▶ [TASK INPUT]:
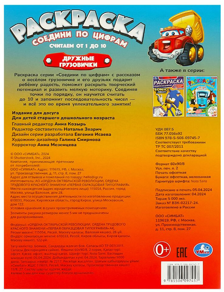 💳 Оплатить за товар можно при получении 🇰🇿 Есть бесплатная доставка по Казахстану от 1 дня 🎁 Копите бонусы с каждой покупки Раскраска «Дружные грузовички» из серии «Соедини по цифрам» ТМ «УМка» — интересный и полезный досуг для маленьких любознаек: |
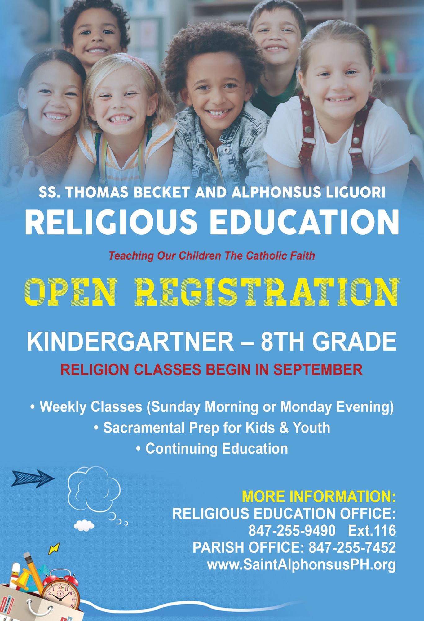 DAILY MASS SCHEDULE SEPT.- MAY: Monday thru Saturday – Mass at St. Alphonsus at 8:15am
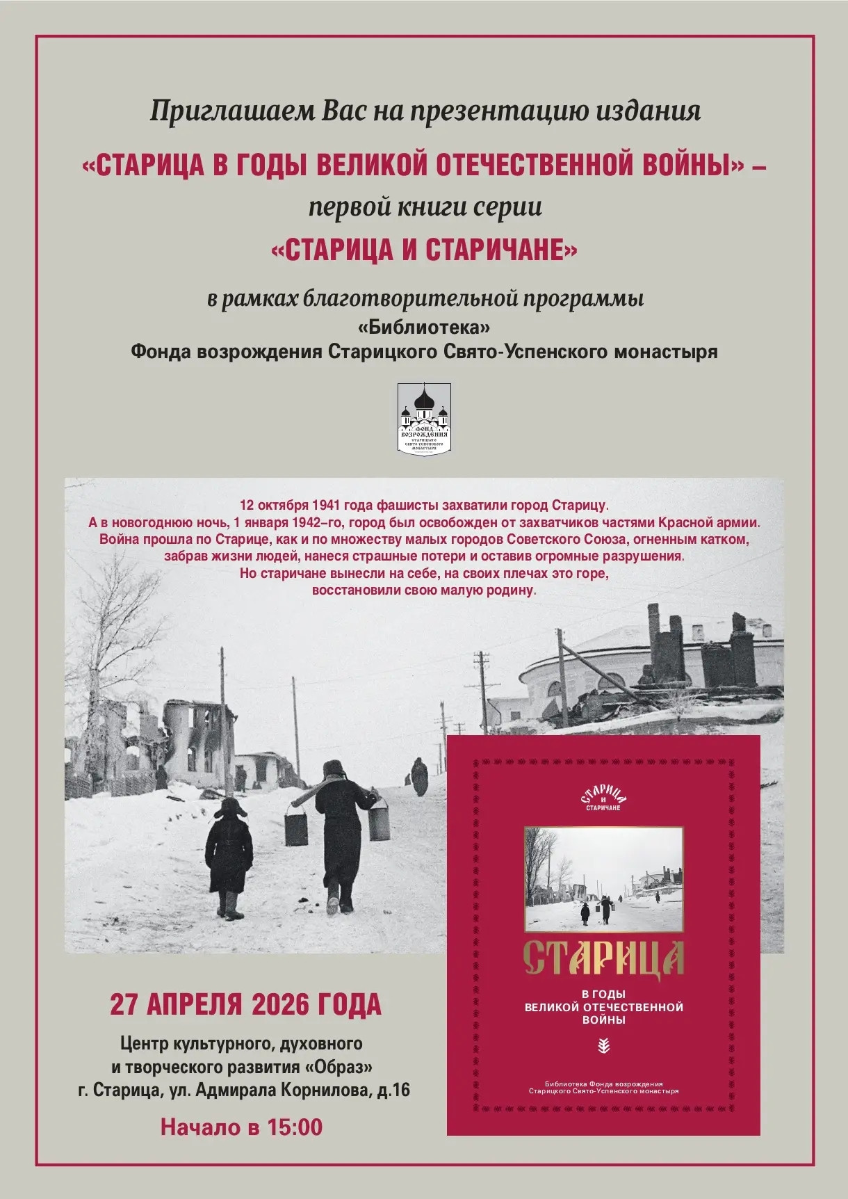 Идея возрождения Успенского монастыря в г. Старице Тверской области возникла у будущих Учредителей Фонда после первого же посещения монастыря – в сентябре 2001 года. В то время древнейшая обитель Верхневолжья пребывала в состоянии столь удручающем, что практически ничто не напоминало о былом величии и значении ее как одного из центров православной духовности.
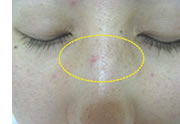 20歳代前後の若年者(女性に多い)の顔にしばしば繰り返すほてりや赤みとして発症します。 やがて30〜50歳代に鼻や頬を中心に持続性の紅斑(赤み)、毛細血管拡張(細かい毛細血管が目立つ)、丘疹(ボツボツ)、膿疱(ニキビのような膿をもった白いボツボツ)などを生じる病気を言います。 症状が長引くと悪化して、鼻瘤(鼻が赤く腫れて、皮膚の表面が硬くボコボコして盛り上がっている状態)をきたすことがあります。 |
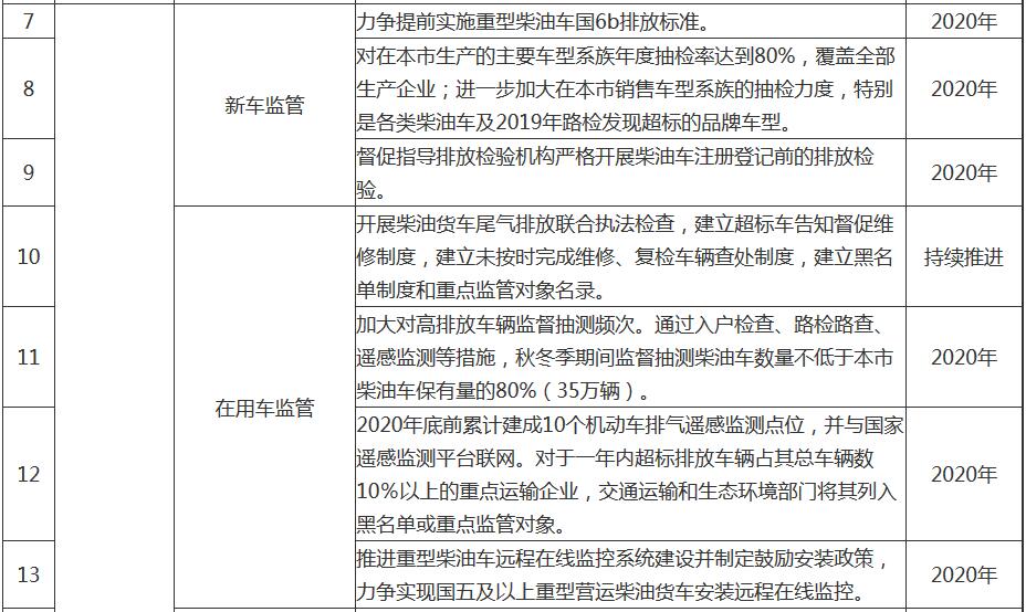 7. 加強(qiáng)在用車監(jiān)管力度。加快推進(jìn)國五及以上重型柴油車安裝遠(yuǎn)程在線監(jiān)控并與生態(tài)環(huán)境部門聯(lián)網(wǎng),督促柴油車超過20輛的重點企業(yè)完善車輛維護(hù)、燃料和車用尿素添加使用臺賬,秋冬季期間監(jiān)督抽測柴油車數(shù)量不低于35萬輛,2020年底前累計建成10個機(jī)動車排氣遙感監(jiān)測點位。
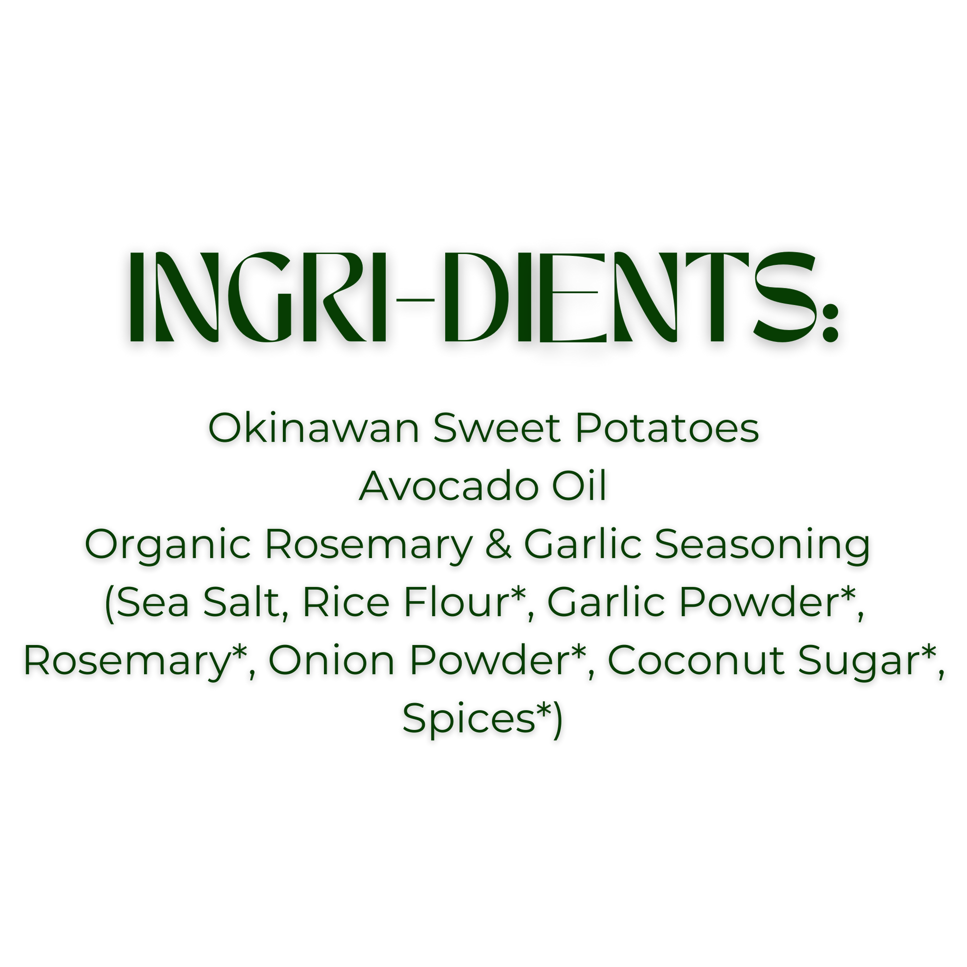 Okinawan Sweet Potato Enso's sweet potatoes are sourced directly from family-owned farms in the South Pacific. The farms use non-GMO farming practices, and the sweet potatoes are washed and kettle cooked, never sprayed with any hidden additives during processing. , Avocado Oil Enso uses 100% avocado oil that is cold-pressed, refined, and non-GMO verified. , Organic Rosemary & Garlic Seasoning ( Sea Salt Enso's sea salt is kosher. , Rice Flour*, Garlic Powder* Rosemary*, Onion Powder*, Coconut Sugar*, Spices Rosemary and Black Pepper *)

▶ [EXERCISE AIM]:
Make an exact copy of the records from their first line through the line containing "7. 加強(qiáng)在用", both ends included, with the pictures omitted.

▶ [SOLVED EXERCISE]:
 💳 Оплатить за товар можно при получении 🇰🇿 Есть бесплатная доставка по Казахстану от 1 дня 🎁 Копите бонусы с каждой покупки Раскраска «Дружные грузовички» из серии «Соедини по цифрам» ТМ «УМка» — интересный и полезный досуг для маленьких любознаек: |
 DAILY MASS SCHEDULE SEPT.- MAY: Monday thru Saturday – Mass at St. Alphonsus at 8:15am
 Идея возрождения Успенского монастыря в г. Старице Тверской области возникла у будущих Учредителей Фонда после первого же посещения монастыря – в сентябре 2001 года. В то время древнейшая обитель Верхневолжья пребывала в состоянии столь удручающем, что практически ничто не напоминало о былом величии и значении ее как одного из центров православной духовности.
 20歳代前後の若年者(女性に多い)の顔にしばしば繰り返すほてりや赤みとして発症します。 やがて30〜50歳代に鼻や頬を中心に持続性の紅斑(赤み)、毛細血管拡張(細かい毛細血管が目立つ)、丘疹(ボツボツ)、膿疱(ニキビのような膿をもった白いボツボツ)などを生じる病気を言います。 症状が長引くと悪化して、鼻瘤(鼻が赤く腫れて、皮膚の表面が硬くボコボコして盛り上がっている状態)をきたすことがあります。 |
 7. 加強(qiáng)在用車監(jiān)管力度。加快推進(jìn)國五及以上重型柴油車安裝遠(yuǎn)程在線監(jiān)控并與生態(tài)環(huán)境部門聯(lián)網(wǎng),督促柴油車超過20輛的重點企業(yè)完善車輛維護(hù)、燃料和車用尿素添加使用臺賬,秋冬季期間監(jiān)督抽測柴油車數(shù)量不低于35萬輛,2020年底前累計建成10個機(jī)動車排氣遙感監(jiān)測點位。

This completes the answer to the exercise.